Exhibiting artists included Anna Nordquist Andersson, Janine Antoni, Luke Batten and Jonathan Sadler, Vanessa Beecroft, Francis Cape, Jordi Colomer, Olafur Eliasson, Maria Friberg, Terence Gower, Huang Yan, IngridMwangiRobertHutter, Wendy Jacob, Robert Lazzarini, Inigo Manglano-Ovalle, Gordon Matta-Clark, Jillian McDonald, Christopher Rauschenberg, Joel Ross, Do-Ho Suh, Rick Valentin, and Michael Wolf.

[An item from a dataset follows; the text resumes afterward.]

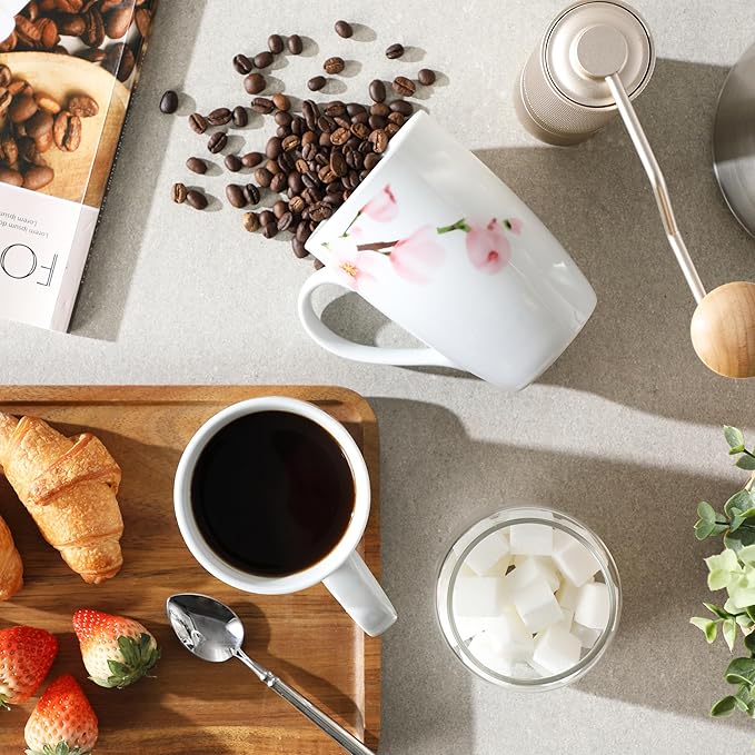 • ELEGANT MUG DESIGN: Embrace modern sophistication with our pristine white mugs adorned with pink floral. Elevate your sipping experience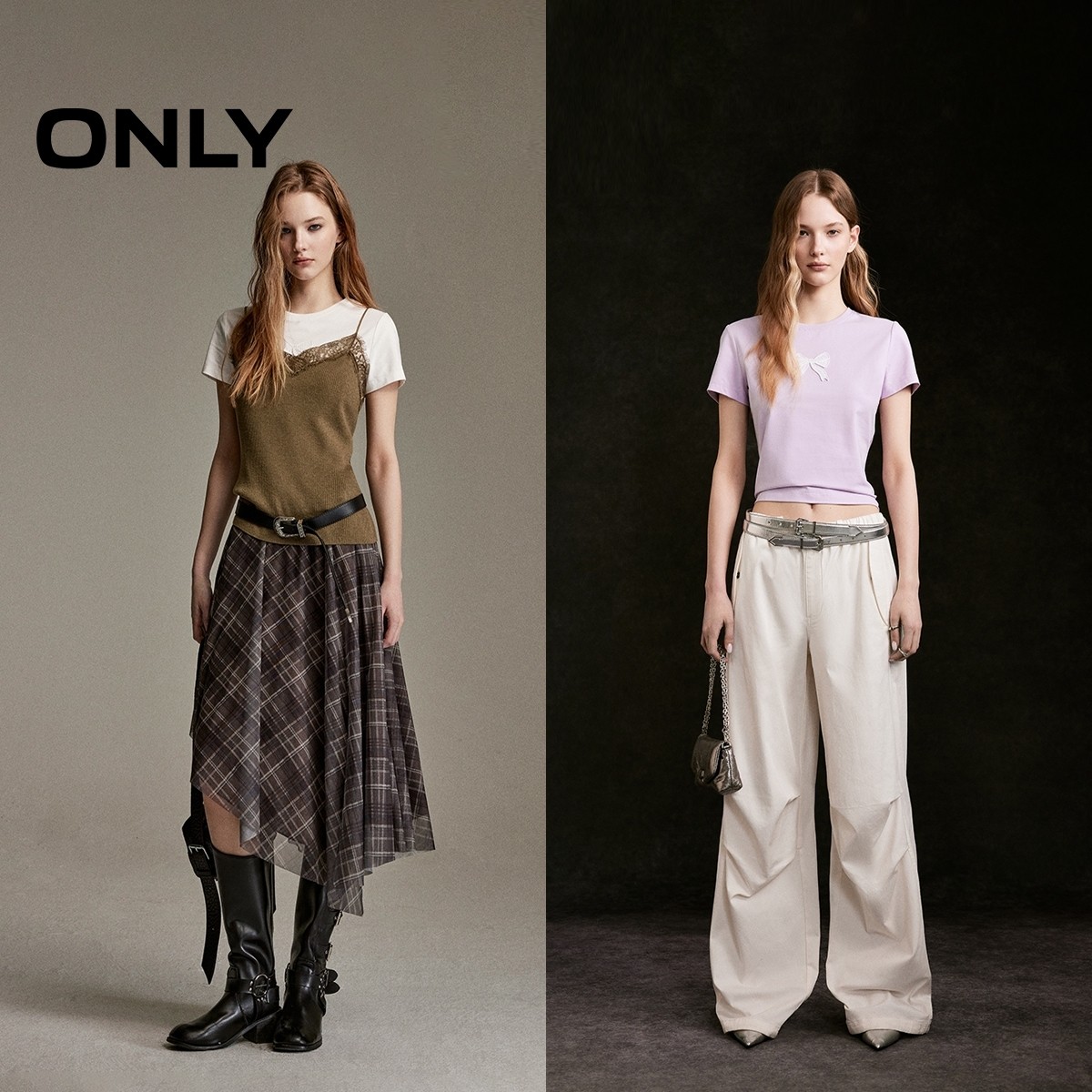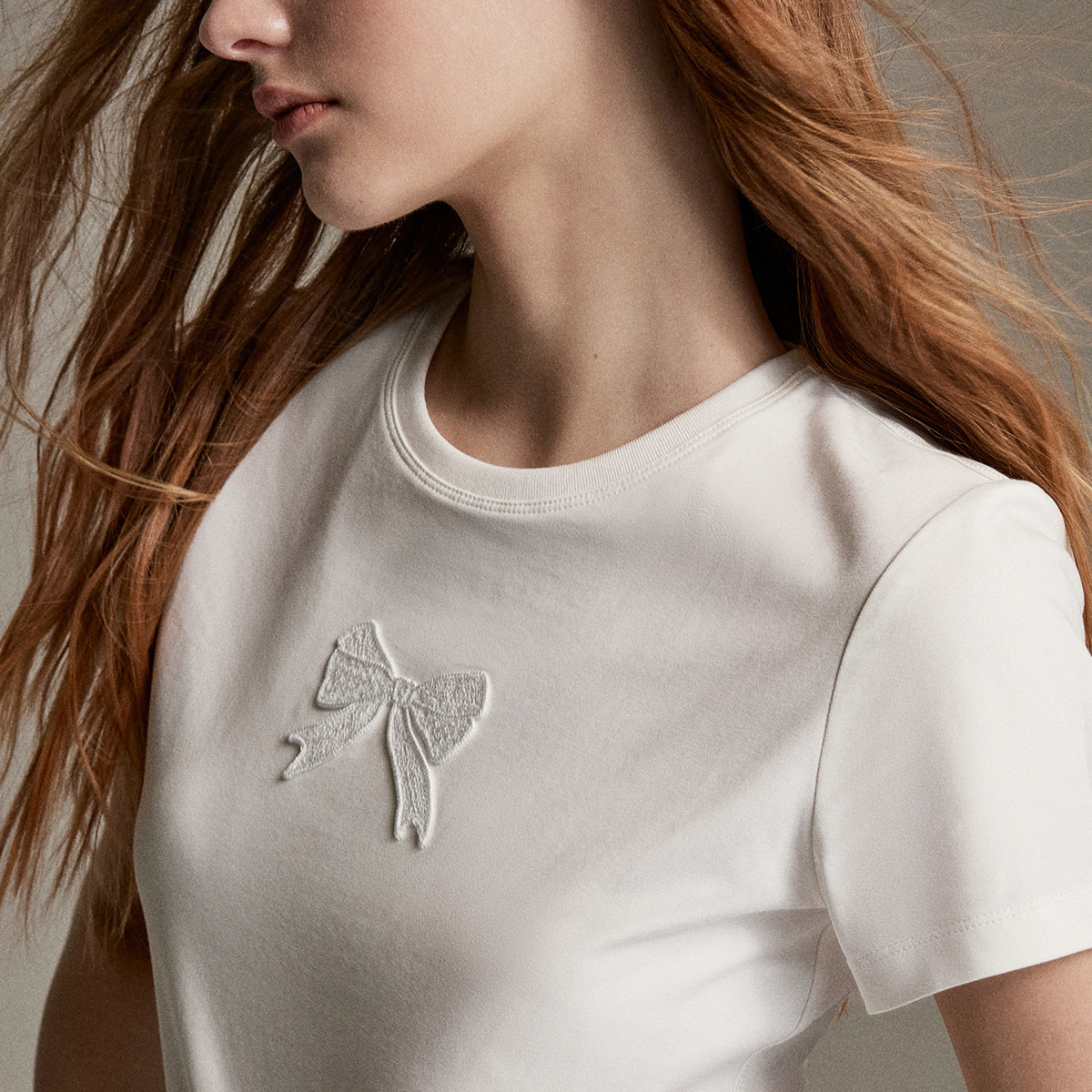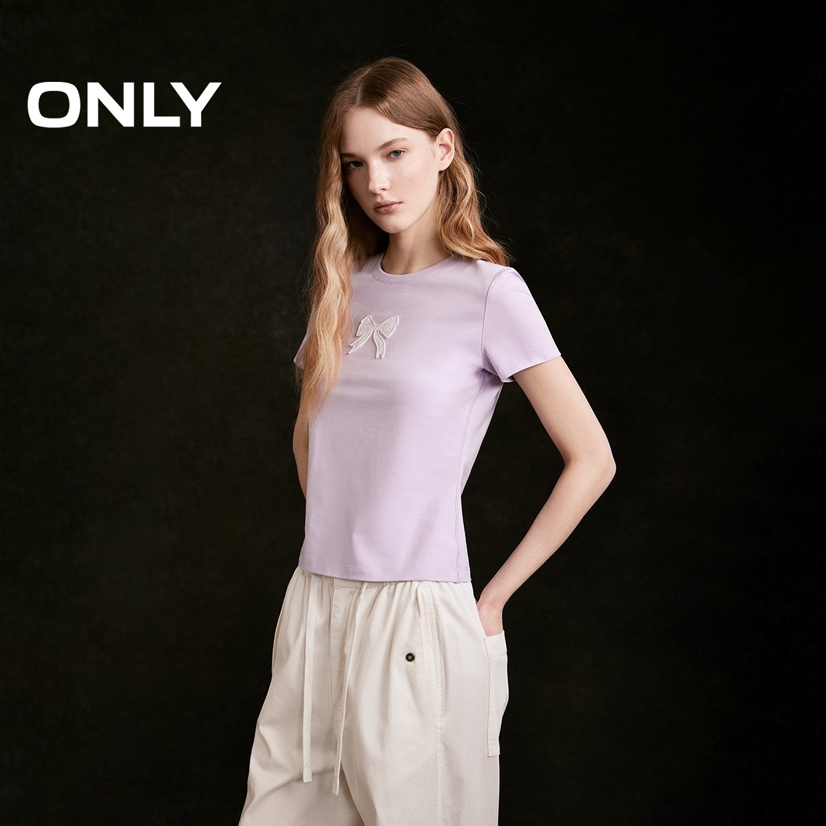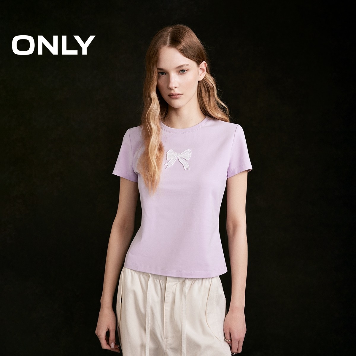 ONLY2026春季新款甜美可爱立体蝴蝶结收腰修身短款正肩短袖T恤女

Exhibition sponsored in part by the Fox Development Corporation; Office of the Chancellor, U of I; Office of the Provost and Vice-Chancellor for Academic Affairs, U of I; Illinois Arts Council; Krannert Art Museum Director's Circle; and the Krannert Art Museum Council


Veronica Pomata
The Construction of Beauty, 2007
Puzzle
Courtesy of the artist
Consuming Racialized Beauty
December 6 through December 12, 2007

A student exhibition exploring the contemporary politics of beauty, race, and representation, Consuming Racialized Beauty provocatively asked how the gendered and raced body is defined, disciplined, classified and ultimately consumed as ugly/beautiful or un/desirable by diverse publics. More than 15 works, ranging in techniques from jewelry making to performance to digital art, examined the relationships between race, gender, sexuality and popular culture.